The following message and appeal was shared with Rorate by our friends in Chémeré-le-Roi.
New Stalls and a New Pulpit for Contemplative Preachers
Fr Augustin-Marie Aubry, FSVF
Prior of the Fraternity of Saint Vincent Ferrer
(Chémeré-le-Roi, France)
On September 14th, feast of the Exaltation of the Holy Cross, a traditional date for the beginning of the conventual year, we invited all our friends and benefactors for a day at our convent. It was a truly blessed day, marked by a sky as radiant as the countless smiling faces gathered there.
The Call of September 14
After lunch (prepared by the lay brothers), I shared updates on our community, our projects and apostolates. I concluded with an appeal to embrace the religious life, ending with these words:
“Young men, young women, hear my call and spread it far and wide.
I am seeking generous hearts to spread the light of truth.
I am seeking apostles to go forth find those who are searching.
I await you with open arms!”
This call remains pressing.
Indeed, and this is a powerful reason for both admiration and thanksgiving; this mysterious call to give one’s life to Christ, to live the radical commitment of the evangelical counsels, and to preach the truths of the Kingdom, continues to resonate in souls—even amidst the deafening noise of our society of indifference. A society that only captures attention with a flood of images and endless distractions, and shows little regard for that higher good of humanity: interior freedom.

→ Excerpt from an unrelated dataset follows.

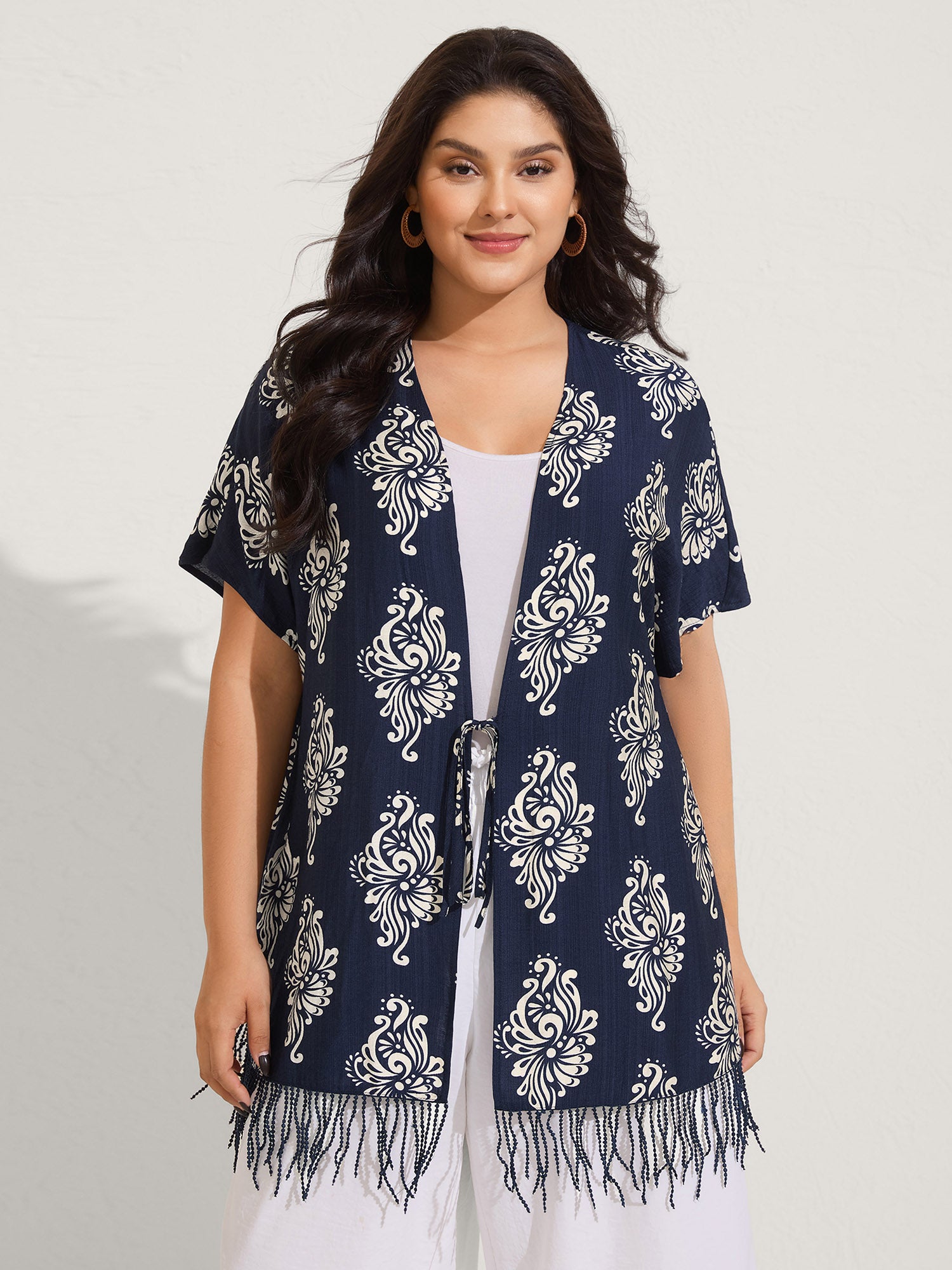 Boho Print Tassels Hem Kimono

This freedom is a treasure, a sacred flame, that we must guard jealously. Its sanctuary is silence, which is the “Father of Preachers.” It is in this silence that Christ’s voice can be heard: “Come, follow me!”
On the feast of Saint Michael, September 29, four postulants from France and England arrived at the convent. They have heard this call and have come to test their desire and discover our way of life. They join our two novices, Brother Dalmace-Marie and Brother Damien-Marie, who have received the habit in recent months. May God’s Will be done in them. Please do pray for this intention!
Expanding Our Walls
In preparation for these new arrivals, we had to undertake some work in the novitiate: moving some brothers and arranging new cells. For now, everyone has been accommodated, but all the cells are occupied, and there’s no more room at the tables in the refectory. The nest is full. Before long, we’ll have to either expand the nest or send out a new “squadron” of brothers to carry the Word of Salvation farther afield.

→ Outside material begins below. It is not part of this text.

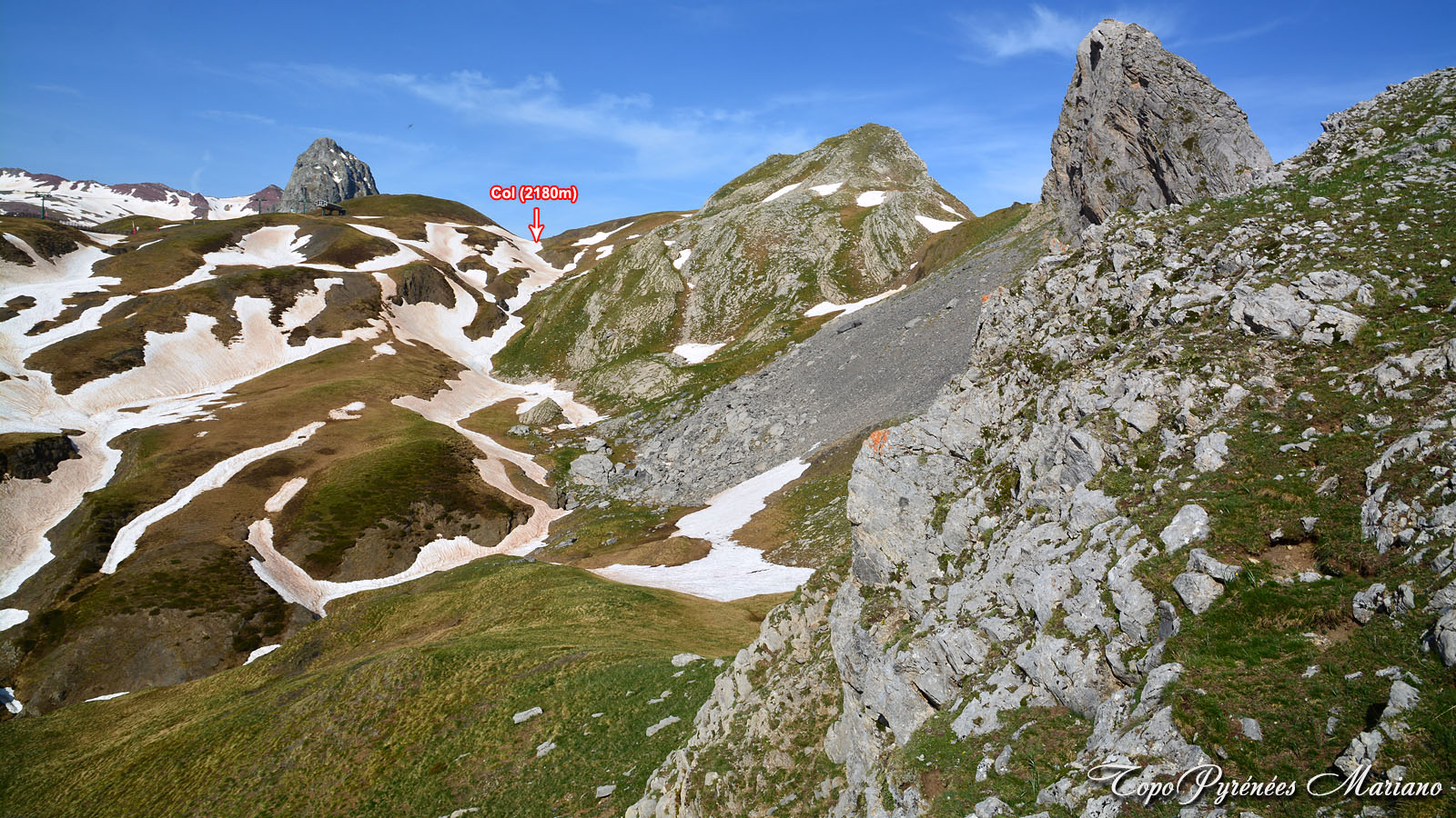 Pour la suite et notre dernier sommet, descendre la crête Nord-Ouest jusqu’au col d’Anéou.

This growth (arithmetic rather than geometric) is accompanied by an increase in visitors to the convent, as well as families and young retirees who settle nearby. This requires a greater commitment to the apostolate on our part.

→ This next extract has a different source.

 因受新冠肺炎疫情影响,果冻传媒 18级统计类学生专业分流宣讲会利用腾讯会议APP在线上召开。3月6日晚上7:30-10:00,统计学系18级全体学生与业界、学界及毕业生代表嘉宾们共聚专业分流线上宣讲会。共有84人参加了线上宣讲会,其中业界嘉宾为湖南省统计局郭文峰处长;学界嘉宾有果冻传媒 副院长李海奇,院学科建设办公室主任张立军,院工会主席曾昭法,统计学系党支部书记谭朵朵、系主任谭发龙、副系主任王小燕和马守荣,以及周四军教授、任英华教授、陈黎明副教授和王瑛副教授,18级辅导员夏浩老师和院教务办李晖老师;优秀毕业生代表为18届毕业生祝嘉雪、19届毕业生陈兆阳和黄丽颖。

We are increasingly asked to meet many new demands—preaching, recollections, retreats for priests, religious men and women, and people of all ages—and we rejoice in Domino.
Sustaining Our Life
However, to respond to these requests in a way that aligns with God’s designs, we must continually return to our “religious ecosystem”—the water of our “fishbowl”—where we find what nourishes our inner being and interior life. Our preaching must flow from an abundance of our contemplation, not from an abundance of activity.
For us, this means fraternal life, silent prayer, study, and the Divine Office.
The latter is vital—central—to our lives: “Seven times a day I praise Thee!” (Ps. 119:164). Seven times a day, the friars gather in the church to chant the Psalms of David. Over the years, verse by verse, the choral office works on our hearts, like the steady plowing of a field that makes the soil fertile.
For us, the choir is a place of labor, just as a workshop, factory, field, or office is for others. We are continuing to beautify our convent church with the construction of choir stalls and a pulpit. These two “pieces of furniture” summarize our life as apostles: the stalls symbolize our contemplation, the pulpit our preaching.
I commend this project to your generosity. You may help us through this portal.
Last Saturday, at Vespers, we sang with the prophet Isaiah (30:27) about the “Name of the Lord, which comes from afar and fills the whole earth with its radiance” (Magnificat Antiphon for the 1st Vespers of the first Sunday of Advent: Ecce nomen Domini venit de longinquo et claritas eius replet orbem terrarum).
I wish you a recollected and fervent Advent, as we await the Light that is to come.